SDS-PAGE and western blot

Breast cancer cells were lysed in RIPA buffer (100 mM Tris–HCL pH 8, 150 mM NaCl, 1% Triton X-100, 1 mM MgCl, 100 mM sodium orthovanadate) in the presence of complete protease-inhibitor mixture (Sigma). Protein content was determined by the Bradford assay (BioRad). The level of phosphorylated ERK (p-ERK), total ERK, p-Akt, and total Akt were analyzed by Western blot as previously described.
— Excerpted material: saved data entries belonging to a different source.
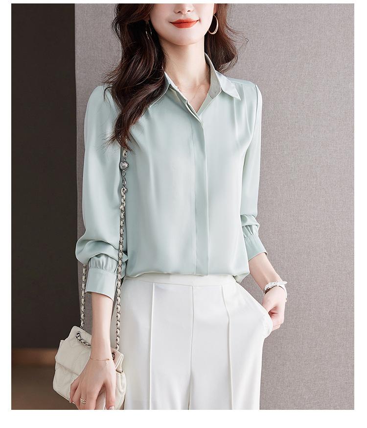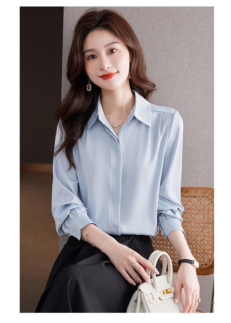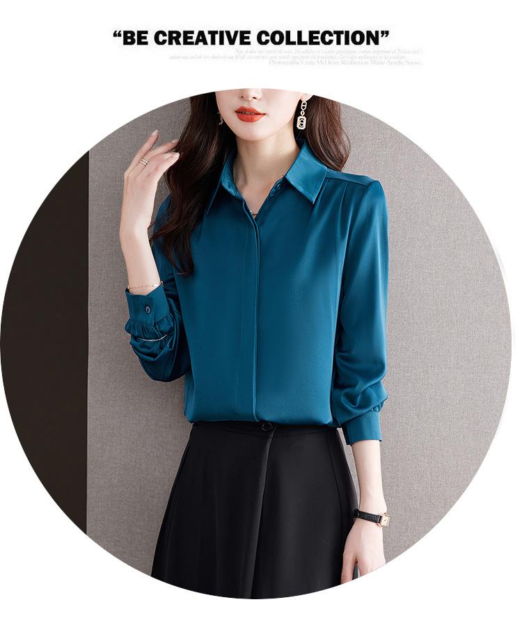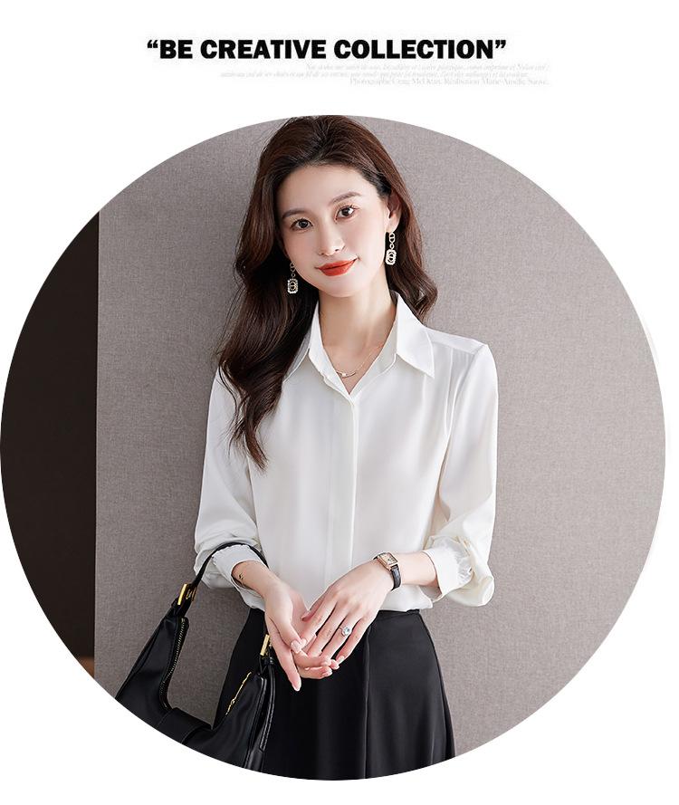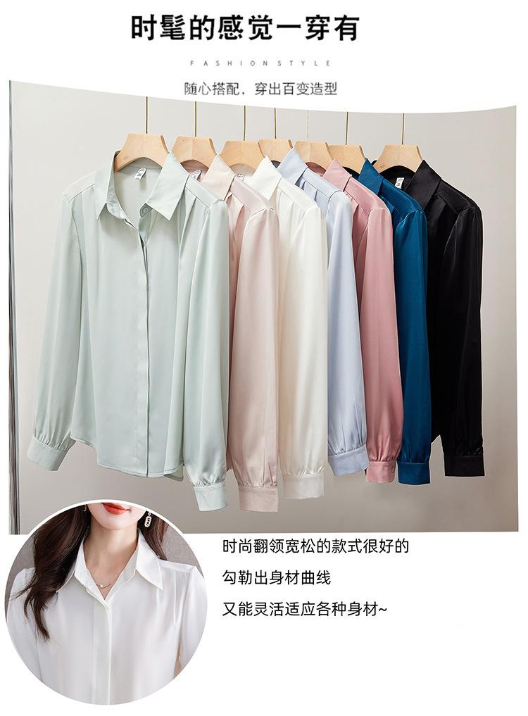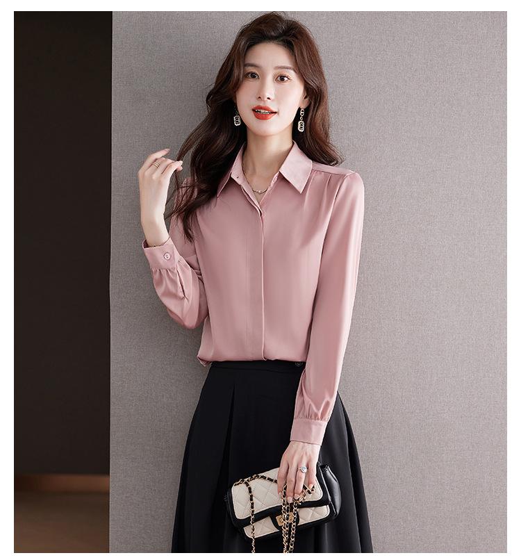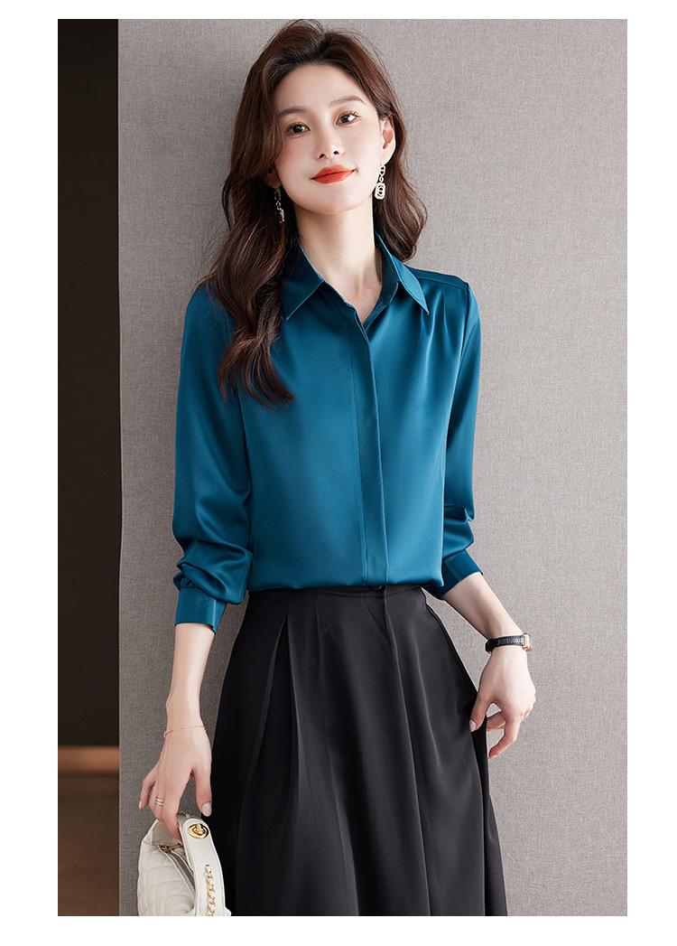 Foto Real de Camisa de Satén Versátil para Mujer 2024 Otoño Nuevo Diseño Nicho Camisa Casual Slim
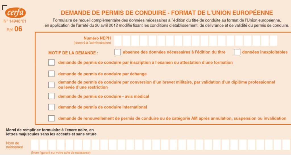 Le formulaire Cerfa 14882*01 est utilisé pour une demande de renouvellement du permis de conduire, de duplicata ou de catégorie AM après annulation, suspension ou …
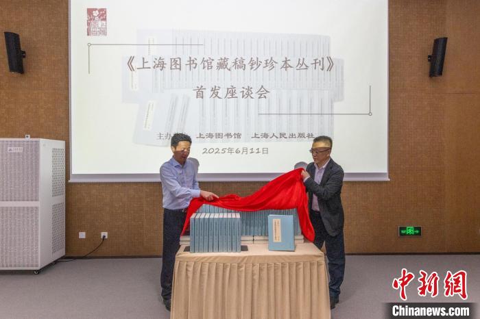 中新网上海6月12日电(记者 王笈)由上海图书馆和上海人民出版社联合主办的《上海图书馆藏稿钞珍本丛刊》首发座谈会11日在上海图书馆东馆举行,上海图书馆馆长陈超、上海人民出版社社长温泽远共同为新书揭幕。

Cell lysate (25 µg) was loaded in SDS-PAGE and Western blot was performed using rabbit anti-p-ERK-1/2 mAb (137F5), rabbit anti-p-Akt mAb (D25E6), 1:1,000 dilution, (Cell Signaling Technology, Beverly, MA), mouse anti-ERK-1/2 mAb (sc-135900) or rabbit anti-Akt polyclonal Ab (sc-5298), 1:500 dilution, (Santa Cruz Biotechnology, CA). To ensure the presence of equal amounts of protein, the membranes were reprobed with a mouse anti-β-tubulin mAb (N357, Amersham, Gent, Belgium). Quantification of protein expression was performed by densitometry analysis of the autoradiograms (GS-700 Imaging Densitometer, BioRad).

Statistical analyses

The two-tailed Mann–Whitney U test, the Spearman's rank correlation analysis, and χ2 test were performed. Statistical significance was set at P < 0.05.